Recent work suggests that (stochastic) gradient descent self-organizes near an instability boundary, shaping both optimization and the solutions found. Momentum and mini-batch gradients are widely used in practical deep learning optimization, but it remains unclear whether they operate in a comparable regime of instability. We demonstrate that SGD with momentum exhibits an Edge of Stochastic Stability (EoSS)-like regime with batch-size-dependent behavior that cannot be explained by a single momentum-adjusted stability threshold. Batch Sharpness (the expected directional mini-batch curvature) stabilizes in two distinct regimes: at small batch sizes it converges to a lower plateau $2(1-\beta)/\eta$, reflecting amplification of stochastic fluctuations by momentum and favoring flatter regions than vanilla SGD; at large batch sizes it converges to a higher plateau $2(1+\beta)/\eta$, where momentum recovers its classical stabilizing effect and favors sharper regions consistent with full-batch dynamics. We further show that this aligns with linear stability thresholds and discuss the implications for hyperparameter tuning and coupling.

Editorial analysis

A structured set of objections, weighed in public.

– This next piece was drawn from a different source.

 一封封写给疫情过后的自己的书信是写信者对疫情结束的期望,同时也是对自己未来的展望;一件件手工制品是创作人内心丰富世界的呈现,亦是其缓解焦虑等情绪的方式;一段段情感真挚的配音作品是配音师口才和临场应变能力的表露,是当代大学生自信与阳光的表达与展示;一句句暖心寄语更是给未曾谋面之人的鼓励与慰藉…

Desk editor's note, referee report, simulated authors' rebuttal, and a circularity audit. Tearing a paper down is the easy half of reading it; the pith above is the substance, this is the friction.

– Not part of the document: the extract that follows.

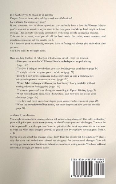 Is it hard for you to speak up in groups? Do you have an inner critic talking you down all the time? Or is it hard for you to say ¿Nö? Then keep reading A low Self-Esteem or assertiveness level can impact your daily interactions with other people negatively. This can be at work, where you do all the hard work, but other, more extroverted and assertive colleagues, get the credits for it. Or in your relationship, where you feel you always give more than your partner. Here is a tiny fraction of what you will discover in Self Help for Women:How to stop doubting and eliminate negative thoughts by using a special NLP technique (page 163) The right mindset to grow your confidence (page 21) The No. 1 thing to avoid when you start building your confidence (page 54) Which NLP technique will learn you how to say ¿Nö gracefully, without hurting others or feeling guilty (page 116) How to boost your confidence and assertiveness in only 2 minutes, just before an important moment or event. And how to do this without other people noticing it. (page 121) The influence of your thoughts on your Self-Confidence according to Oprah Winfrey (page 9) How to change your inner beliefs with this method used by psychologists (page 104) The first and most important step in your journey to be confident (page 20) What the percolator effect means, but more importantly how you can avoid it (page 78) And much, much more Self Help for Women is designed to help you develop new habits and behaviors that will stick. You might wonder, how reading a book will cause lasting changes? The Self-Exploratory parts will guide you on an inner journey to identify your personal challenges. You can do this on yourself or with a partner. You can prioritize the most important items you want to work on. With these insights you will be guided step-by-step how you can grow from A to B. Imagine yourself without anxiety to speak up, without stress to say no to your boss and not nervous to meet new people. You have suffered more than enough, so start improving your life by scrolling up and clicking ¿Add to Cart¿.

Desk Editor's Note private letter to a colleague

Momentum splits the edge of stochastic stability into two batch-size regimes with distinct sharpness plateaus that cannot be reduced to one adjusted threshold.

read the letter

The main thing here is that momentum in SGD produces two separate regimes for how batch sharpness settles at the edge of stochastic stability, and the switch depends on batch size in a way that prior single-threshold adjustments do not cover. At small batches the sharpness converges to the lower plateau 2(1-β)/η, where momentum amplifies noise and favors flatter regions. At large batches it moves to the higher plateau 2(1+β)/η, where momentum acts more like a stabilizer and permits sharper solutions closer to full-batch behavior. The paper derives these expressions and shows the regime change in simulations, which is the concrete extension beyond vanilla EoSS results. This gives explicit, usable formulas that tie β, η, and batch size together, and the alignment with linear stability thresholds is a clean consistency check. The work is most useful for people already working on implicit regularization through optimizer dynamics. A reader who knows the earlier EoSS papers can evaluate the new claims without much extra background. The soft spot is that the central claim rests on finite simulations reflecting true asymptotic behavior and on linear stability directly controlling the measured batch sharpness in nonlinear deep-net training. The abstract does not include the full derivations, error analysis, or long-run convergence checks, so it is not yet clear how robust the plateaus remain when those assumptions are relaxed. Still, the claims are specific enough to be checked. I would send this to peer review so referees can verify the math and the experimental details directly.

Referee Report

2 major / 2 minor

Summary. The manuscript claims that SGD with momentum exhibits an Edge of Stochastic Stability (EoSS)-like regime in which batch sharpness (expected directional mini-batch curvature) converges to two distinct, batch-size-dependent plateaus: a lower value of 2(1-β)/η at small batch sizes (reflecting momentum-amplified stochastic fluctuations) and a higher value of 2(1+β)/η at large batch sizes (recovering classical momentum stabilization). This regime separation cannot be captured by any single momentum-adjusted stability threshold and is shown to align with linear stability analysis, with implications for hyperparameter tuning and optimization dynamics.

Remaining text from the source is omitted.